Not via WGPU. You only get one queue.
Was this meant to be a reply to my post over here?
Assuming so, I think you can still request a CommandEncoder and fill it per thread, then submit them together at the end? I could easily be missing something.
This rough pattern seems to work fine?
// so we know how many threads there are up front
let threads = rayon::ThreadPoolBuilder::new()
.num_threads(2)
.thread_name(|index| format!("Renderer Worker {}", index))
.build()
.unwrap();
// ... on render
// create encoder per worker thread
let mut encoders: Vec<_> = (0..self.threads.current_num_threads())
.map(|index| {
Mutex::new(
wgpu.device
.create_command_encoder(&CommandEncoderDescriptor::default()),
)
})
.collect();
self.threads.scope(|scope| {
// for example, in reality you would use scene.objects().par_for_each() or the like
scope.spawn(|scope| {
// Lock the current threads encoder.
// This should never block, so you could use UnsafeCell even...

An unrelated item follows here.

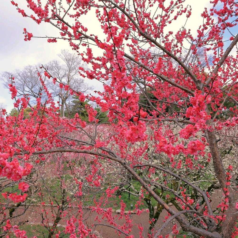 展望台から苑内全体を見渡すと、一面を色とりどりに咲き誇る梅は、とても美しいです🌸
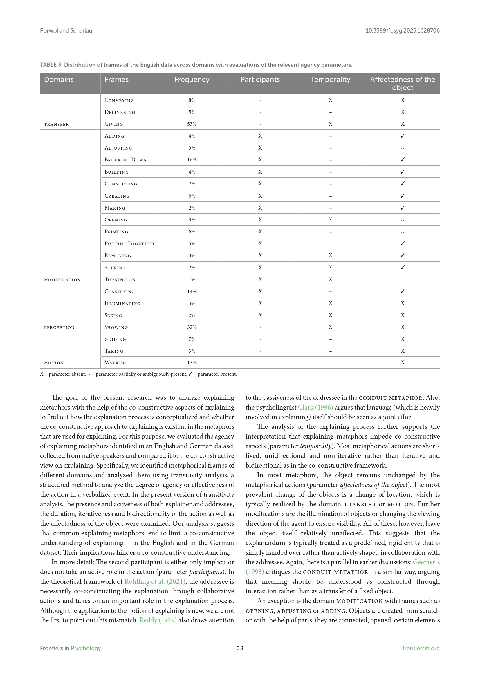Is explaining more like showing or more like building?—Agency in metaphors of explaining / Philip Porwol and Ingrid Scharlau

let mut encoder = encoders[self.threads.current_thread_index().unwrap()]
.lock()
.unwrap();
// do some rendering....
});
// other rendering...
anyhow::Ok(())
})?;
wgpu.queue.submit(
encoders
.into_iter()
.map(|encoder| encoder.into_inner().unwrap().finish()),
);
image.present();
Ok(())
That just lets you feed items into the queue from two sources, not do them simultaneously.
What I want to do is overlap asset loading into GPU memory with rendering. That needs a transfer queue separate from the main queue. Right now, asset loading slows rendering by 2x-3x.
This wis with the assumption that the majority of the CPU-side work is supposed to be in the command encoding APIs e.g. pass.set_bind_group()
etc., which was probably a little silly.
If it's instead in encoder.finish()
try something like
let commands: Vec<_> = objects.par_chunks(chunk_size)
.map(|chunk| {
let encoder = wgpu.device.create_command_encoder(...);
for object in chunk {
// render ...
}
encoder.finish()
})
.collect();
wgpu.queue.submit(commands);
Or if it's in .submit()
you'll need to figure out ordering, but otherwise this works:
objects.par_chunks(chunk_size).for_each(|chunk| {
// ...
wgpu.queue.submit([encoder.finish()]);
});
Unless wgpu is re-implementing command buffers on the client side or completely screwing up locks (very possible), that should be doing (CPU-side) rendering work in parallel.
GPU side parallelism is more about declared resource dependencies from what I understand, I don't know how good wgpu is at doing that for you (probably not great?)
But yeah, without the ability to query a separate queue you can't address transfers at all. Sucks.